Masks are a violation of the (read: men’s) “right to choose” and should be banned…that’s the position of the Texas government. But women’s bodies aren’t theirs to control, apparently. Can you believe that? This law reeks of hypocrisy. If the law affected men, there would be no way it would have made it past the legislature.

The act of paying snitches to rat out those who engage in abortion-related procedures is disgusting. Texas is using my taxpayer money to perpetuate its own version of The Handmaid’s Tale.

Penny, 25, Dallas, teacher

It’s like watching a train wreck in slow motion. I would consider myself pro-life, which is why I vote for pro-choice policies. Over and over we see that restrictions only increase the number of abortions that happen overall, legal or otherwise, and increase maternal deaths in a state that is already doing so abysmally in that regard. So, so many people are going to die. The state is grandstanding on lives, and I am ashamed to be represented by a government with such little regard for real people in real, unbearably difficult situations.

Michelle, 36, Austin, consultant

I am a lifelong Texas resident who has needed—and had access to—a safe, legal abortion in the state. The relief that came with that access is something I have and will continue to be grateful for. My heart breaks for the many, many Texas women who will now have that access to lifesaving health care denied to them and whose bodies are now just a political stage where the battle for more power and control will continue to take place without apology by the Republican party.

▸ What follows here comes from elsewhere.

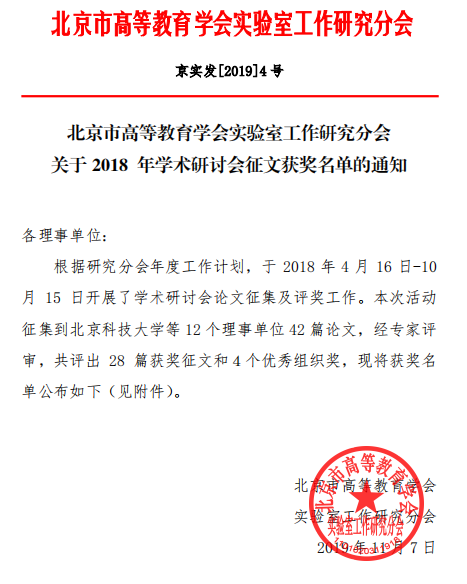 根據(jù)北京市教委、北京市高等教育學會和全國高校實驗室工作研究會2018年工作要點的精神,我院于2018年9月25日向北京市高等教育學會實驗室工作研究分會提交了5篇論文,經(jīng)專家評審,我院計算機科學與技術系教師李志剛投稿的《從中興事件看計算機組成原理實驗改進》榮獲征文三等獎,我院并同北方工業(yè)大學、北京郵電大學共同榮獲優(yōu)秀組織二等獎。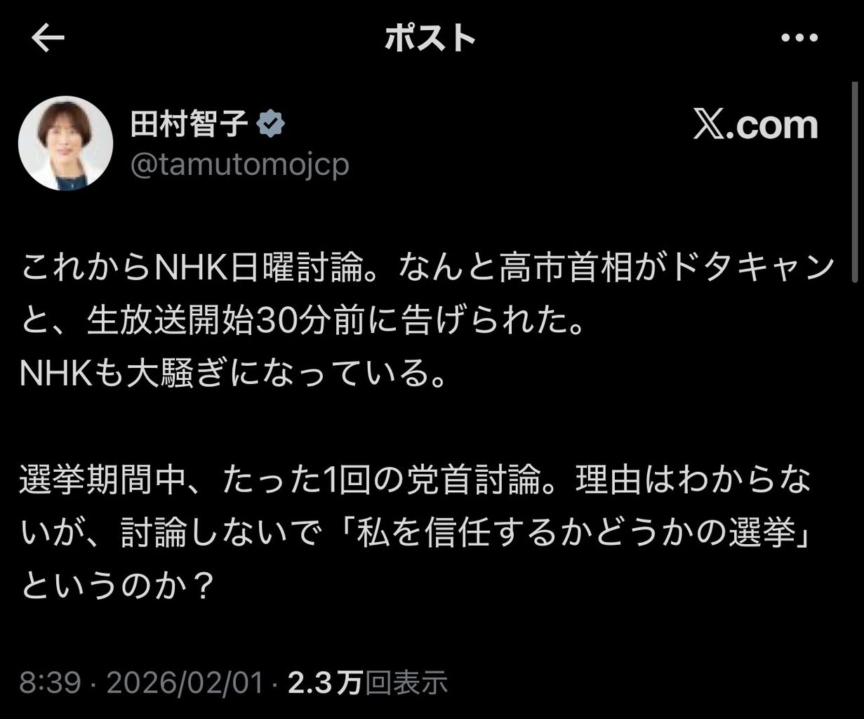 わざわざ直前で出演を断ったのは高市なりの仕返し

Andi, 25, El Paso, student

As a trans woman, when Trump was elected, I was terrified. Now it’s just as infuriating that in the middle of a pandemic, when the state won’t even mandate masks or protective measures against a deadly virus, they can pass laws that control a woman’s body.

K.L., 41, Austin, pharmaceutical salesperson

It’s terrifying! Specifically for those who are rape and incest survivors. I have three daughters, and now I’m wondering if I should put them on birth control when they begin to menstruate as a precaution in case—God forbid—one of them is raped.

Brittany, 33, Dallas, business development consultant

We are already dealing with a mental health crisis in America. To add this layer of distress to women of childbearing years is taking away a decision that should be ours and ours alone. It is basically saying, “Okay, women of the USA, we trust you to lead communities, we believe in your decisions. But wait, you’re not cognizant enough to know if you are ready, willing, or able to bear a child.” I see this doing detrimental damage to women that have no decision now.

Tatum, 22, Austin, retail associate

If I was a young girl and abortions were banned, I would take that as a sign that our bodies and our autonomy does not matter: I do not get to decide what I do with my life, if I want to have a baby or not. If I am a fit mother or not. A man and a stranger decide what I do with my body. That is a very painful thing for a young girl to believe.

Savannah, 36, El Paso, office manager

I feel like I’m having my voice taken away from me. My freedom to choose what to do with my own body is being taken away from me. It makes me scared that the government will make more laws on what I can and cannot do with my body.

Erin Coulehan is a writer and reporter based in El Paso, Texas. 

*Some names have been changed to protect the privacy of those interviewed, and some quotes have been edited and condensed for clarity.